Mit Staunen sah ich der kleinen Frau zu, mit welcher Selbstsicherheit sie in der Saalmitte stand, ihren Körper, ihren Kopf bewegte, elegant hin und her ging, sich drehte. Anschließend spazierte sie herausfordernd an unserer Jungenreihe vorüber, suchte mit einem Lächeln in unseren Gesichtern, neigte sich vor mir. »Darf ich bitten?«
Zögernd erhob ich mich. Die Engelgrau umfasste fest meine linke Hand, zog mich in die Mitte der Tanzfläche, legte ihren rechten Arm auf meine Schulter, ergriff meine linke Hand. »Kopf nach oben, Schultern gerade«, korrigierte sie mich.
»Wir beginnen mit dem Foxtrott. Das ist der einfachste Tanz.« Sie löste sich von mir, stellte sich neben mich. »Zuerst das linke Bein vor, dann das rechte Bein, das linke Bein etwas zur Seite, das rechte Bein heranziehen.«
Sie umfasste mich wieder. Ihr Partner spielte Klavier. »Die Damen machen die Schritte nur umgekehrt«, rief sie zur Mädchenreihe hinüber, zwang mich, die Schritte zu setzen, dann zu drehen. Lächelnd ließ sie von mir ab. »So. Jetzt werden wir das alle üben. Jeder sucht sich einen Tanzpartner. Ich schlage vor, die Damen haben die Wahl.«
Ich erwartete, dass Friederike mich wählte. Doch Friederike zögerte. Sie war es gewohnt, dass ich mich um sie bemühte. Nun musste sie eine Entscheidung treffen. Während ich auf sie wartete, stellte sich Marion vor mich: »Wollen wir?«
Erstaunt sah ich sie an. Bisher hatte ich keine Augen für sie. Sie saß drei Bänke vor mir in der linken Bankreihe und war eine Mitschülerin, die ich jeden Tag sah wie andere auch. Jeden Tag hatten wir uns in diesem Klassenzimmer getroffen, hatten miteinander geredet, gelacht, vielleicht gestritten, hatten uns konzentrierte auf das, was der Lehrer an der Tafel erklärte.
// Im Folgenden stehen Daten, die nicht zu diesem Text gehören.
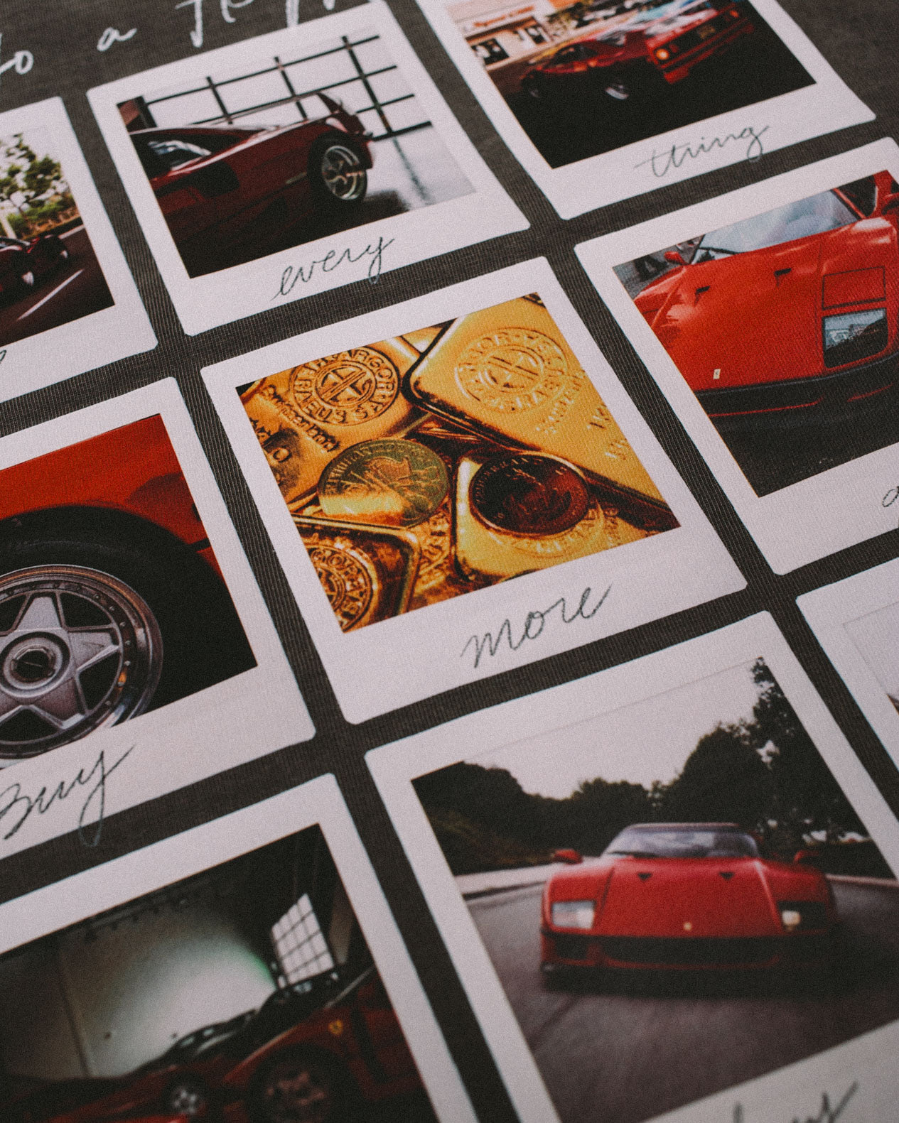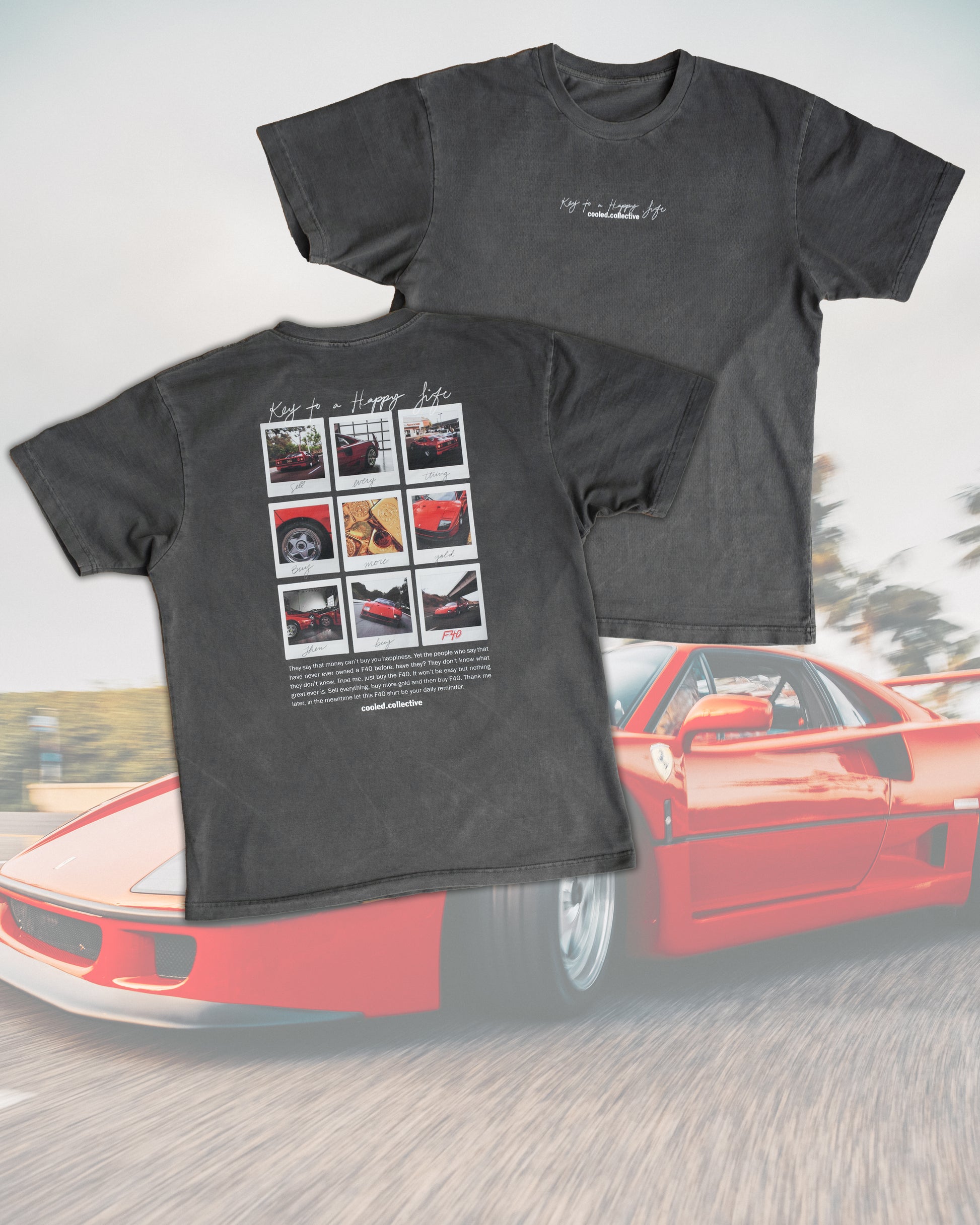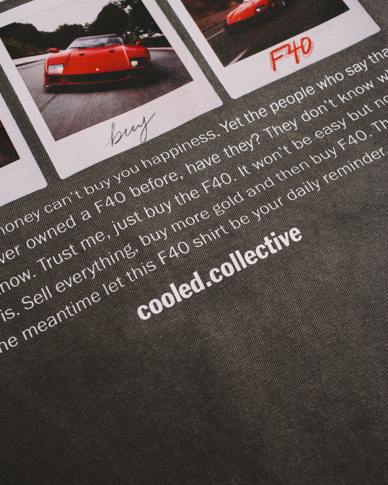 The Icon of the 80s, the F40 captured on 80s Polaroid medium. I have put together a design that shows you how to afford your very own F40. Sell everything, buy gold and then buy F40. Simple formula to a better tomorrow. If that is too hard, then at least you can get this heavyweight shirt to feel better about yourself like the rest of us who don't have F40.

Auf einmal war alles anders. Marion hatte jetzt ein Gesicht, das von dunklem Haar umrahmt war und einen Schimmer von Schwarz trug. Sie trug das Haar linksseitig gescheitelt. Es bedeckte die eng anliegenden kleinen Ohren, war im Nacken länger geschnitten, fiel locker über den Blusenkragen. Das Haar war über der Stirn zur Seite gekämmt. Ihre Augenbrauen umwölbten als schmale dunkle Striche die Augenhöhlen. Ihre Augenlider gaben nicht das ganze Auge frei, machten aber den Blick ihrer braunen Augen offen, indem sie sich bis in die Augenwinkel fortsetzten. Das Schmale der Nasenwurzel führte bis hinunter zur Nasenspitze. Nur die Nasenflügel waren ein wenig grob und fleischig. Die kaum ausgeprägten Nasenfalten umrahmten den Mund mit den schmalen Lippen bis hinunter zu den Mundwinkeln. In der Mitte ihrer Oberlippe schob sich spitz eine Hautfalte über die Unterlippe. Die Hautfalte verschwand, wenn Marion lachte und ihre Zähne zu sehen waren. Über dem runden Kinn war die Haut vom ständigen Reinigen der großen Hautporen gerötet. Marion legte ihren Kopf kokett zur Seite, umfasste meine linke Hand, hob den Arm nach oben, forderte mich auf, meinen Arm um ihre Hüfte zu legen.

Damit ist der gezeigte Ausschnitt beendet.